Why is my mates tax refund so much more than mine!?
Our team of Accountants get asked this question on a DAILY basis. And we get it. Sometimes it might seem frustrating to see refund amounts differ on the surface, when you compare yourself to another individual in similar employment to you. We too understand that the COVID-19 crisis has hit family budgets hard, and the thought of a fat tax refund is more tempting than ever. But, the important point to take note of here is that there are many factors that impact eligible tax refunds, and each year things change. What you’re comparing is often not apples to apples. So, it really is best that you trust in your accountant. You’re paying a professional to ensure you’re getting what you’re entitled to, no matter how that compares to your neighbour, brother, sister, cousin, or colleague.
Let’s discuss some of the key things that can impact an Individual Income Tax Return in 2020…
- Maybe you have other sources of taxable income such as bank interest or dividends? These are taxable at your tax rate – and everyone has different amounts of money in the bank!
- Private Health Insurance – this is a big one that many people don’t consider. If you DON’T have it and you exceed the relevant income threshold, you will be paying the ATO a Medicare Levy Surcharge. Simple.
- Work related deductions. Ok, so these deductions will increase your refund, however, you’re still a winner if you haven’t had the cost outlay in the first place! (You only get back an amount equal to your tax rate for every dollar you spend).
- Do you claim a Logbook? Logbook deductions (with appropriate record keeping methods) can be a fantastic way to bring your taxable payments down. If you’re eligible for this method, the percentage claimed will depend on usage. No one claim will be the same.
- If you have a Logbook, you can claim your vehicle. But all vehicles are worth different amounts, which means the amount of depreciation claimed on one vehicle will be different to the next.
- Speaking of vehicle depreciation, you may no longer have much depreciation to claim. If the full amount from the asset you purchased 5 – 6 years ago has been claimed in previous tax returns, you will no longer be able to claim it. You can’t claim depreciation forever (sorry!).
- Do you have an investment property?
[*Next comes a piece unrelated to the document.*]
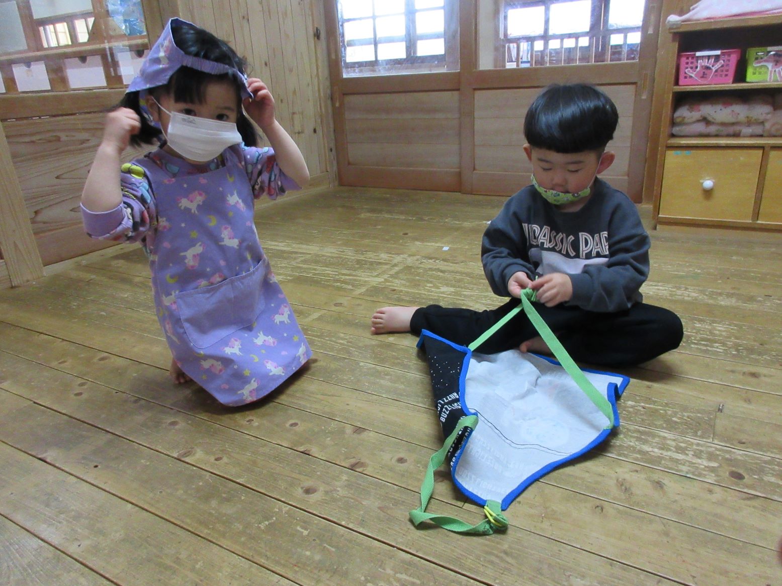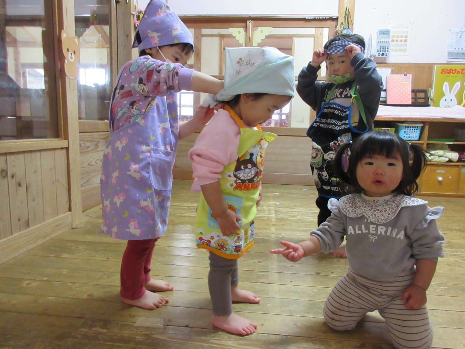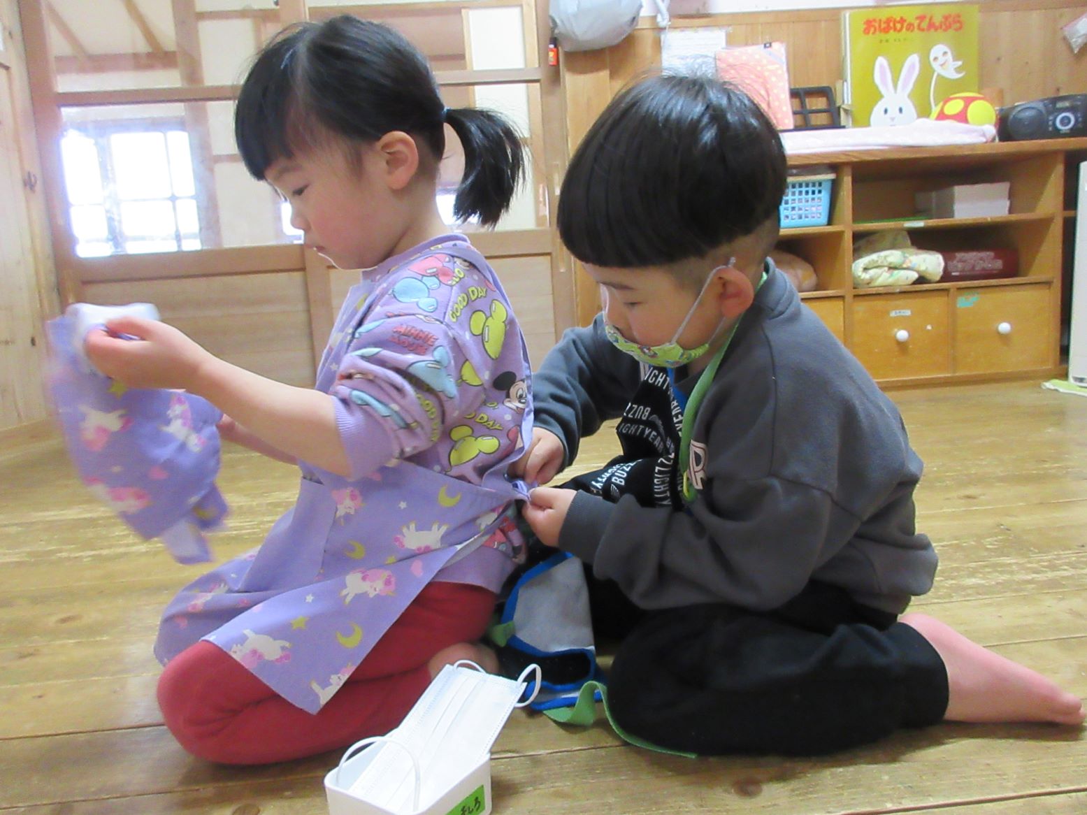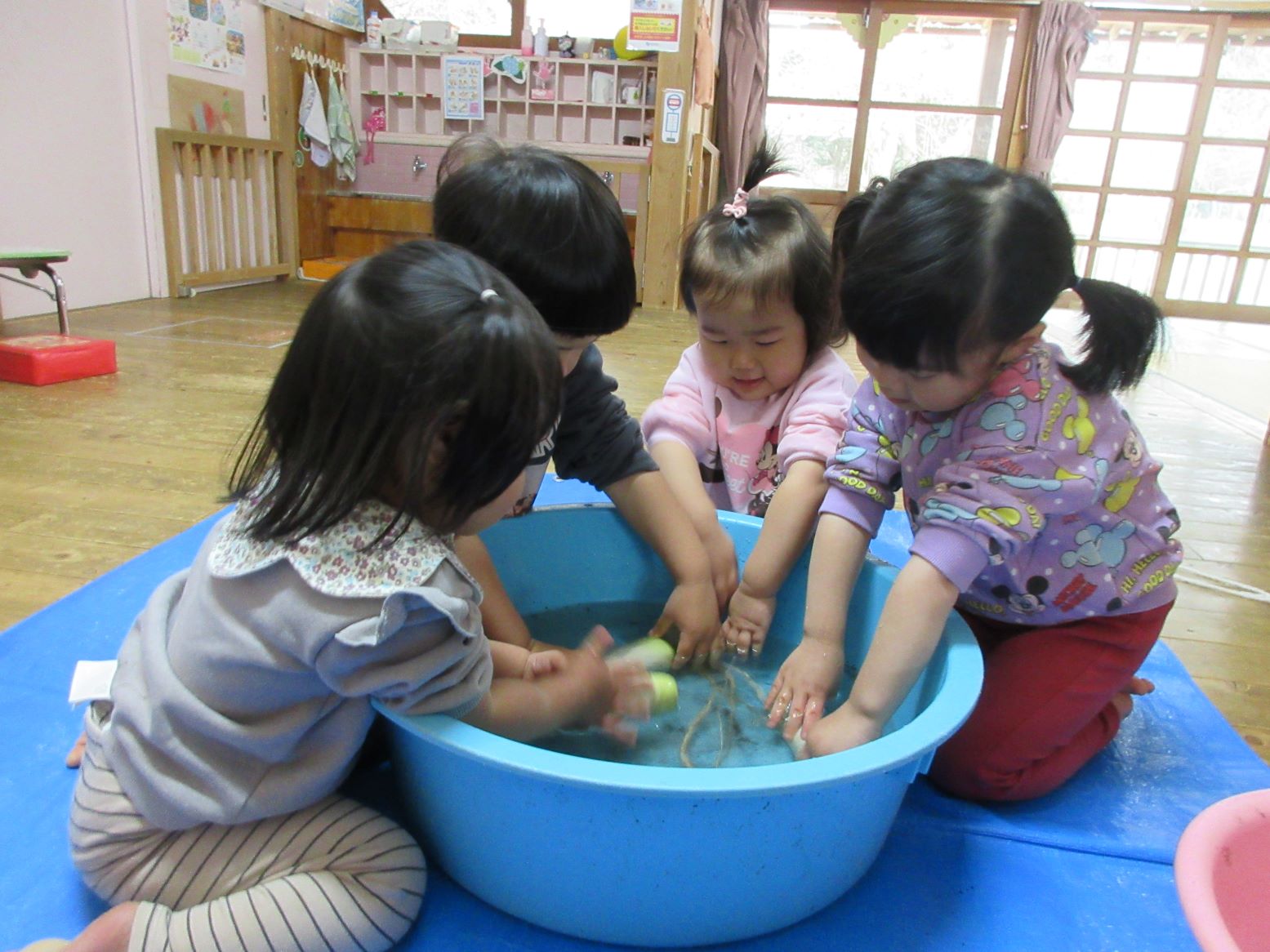 大根をおろし金でする様子を見て、「わーゆきみたい」「だいこんのにおいがするー」「しゃりしゃりおとがするねー」と視覚や嗅覚、聴覚がフル回転でした。

This could either increase your refund through negative gearing, or reduce your position if you’re making a rental profit.
- Maybe you owe money to the ATO or Centrelink? This will come directly off your refund amount before it hits your bank account (if you were going to receive a refund that is!). Fairs fair.
- HECS/ HELP Debt (Higher Education Loan Program) – If you have one of these debts, and you’ve start earning more, you will need to repay more (which is a good thing, because it will be paid off sooner, oh and a larger wage is great too!)
There are more factors that can come into play on top of the above, but we hope that this information can shed some light on the several reasons why those eligible for refunds this year could get less (or more!) in their pockets than expected.
Importantly, if you pay a great accountant (A.K.A one from our Highview team) you can trust that their expertise is lining your pockets with as much refund money as you’re are entitled to.